Using the records below, reproduce exactly the lines from the one containing "Once a novel" through the end, and nothing more; skip the images.

START MATERIAL FOR THE TASK

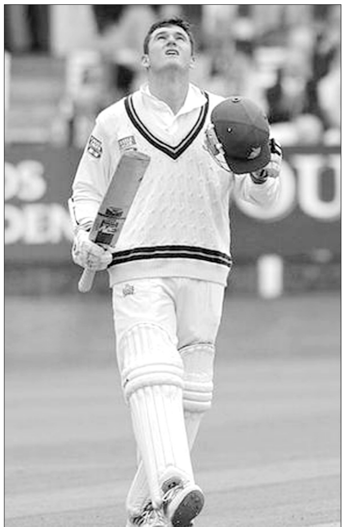
South African captain Graeme Smith is relieved after reaching another 100 against England yesterday.
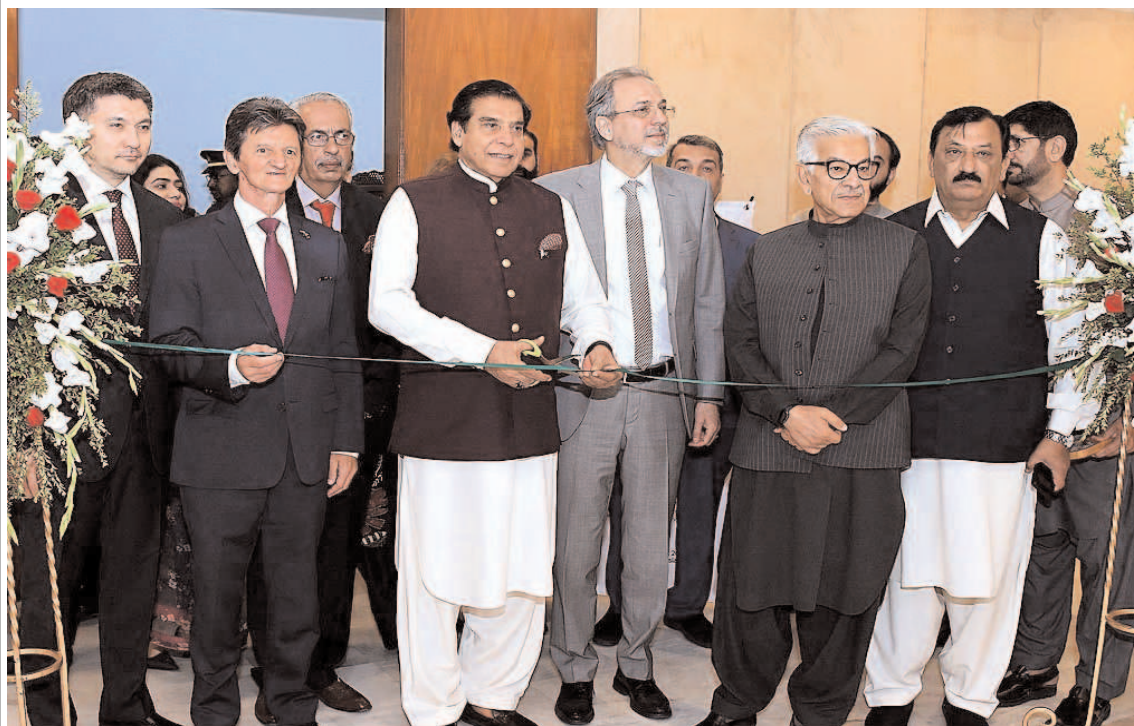
ISLAMABAD: Speaker National Assembly Raja Perviz Ashraf inaugurating the opening ceremony of the photo exhibition on Islamic Architectural Heritage of Hungary at Parliament House.

The laureate's portrait will then be added to the collection. Public can submit nominations for the award through www.heroines.pk.
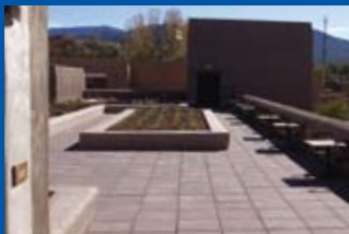
Henry's single-source warranty offers coverage on pavers, edging, drain inspection covers and insulation.

Once a novel idea, vegetative roofs have gained widespread acceptance due to the many practical, financial, and environmental benefits they provide. In addition to creating more usable amenity space in the form of rooftop terraces, walkways, plazas and gardens, a vegetative roof assembly can:
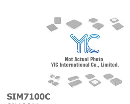
SIMCOM SIMCOM LCC
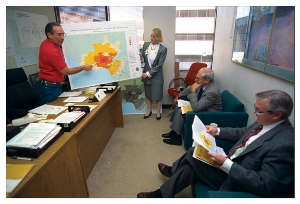
Presentations of earthquake risk information can be made more effective through the use of maps and other visual aids designed to address the specific needs and interests of individual decision-makers.

No individuals or organizations will take action to reduce risk unless they know it exists, they think it may affect them, and they know they can do something about it. Before proceeding to any of the steps outlined below, develop messages for key decision-makers and those who influence them. Tailor all information to each audience's sophistication. To make the messages believable, have them delivered by people who are specialists and/or are thought of as credible by the target audience.
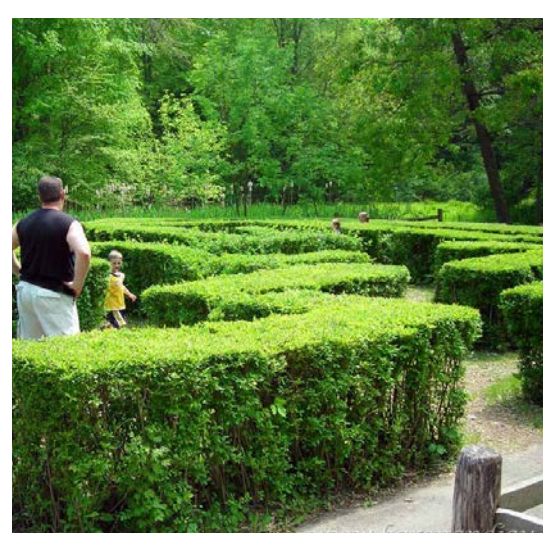
Figure 27. Simple effective interventions

END MATERIAL FOR THE TASK

→ **RESPONSE TO THE EXERCISE**
Once a novel idea, vegetative roofs have gained widespread acceptance due to the many practical, financial, and environmental benefits they provide. In addition to creating more usable amenity space in the form of rooftop terraces, walkways, plazas and gardens, a vegetative roof assembly can:
SIMCOM SIMCOM LCC
Presentations of earthquake risk information can be made more effective through the use of maps and other visual aids designed to address the specific needs and interests of individual decision-makers.

No individuals or organizations will take action to reduce risk unless they know it exists, they think it may affect them, and they know they can do something about it. Before proceeding to any of the steps outlined below, develop messages for key decision-makers and those who influence them. Tailor all information to each audience's sophistication. To make the messages believable, have them delivered by people who are specialists and/or are thought of as credible by the target audience.
Figure 27. Simple effective interventions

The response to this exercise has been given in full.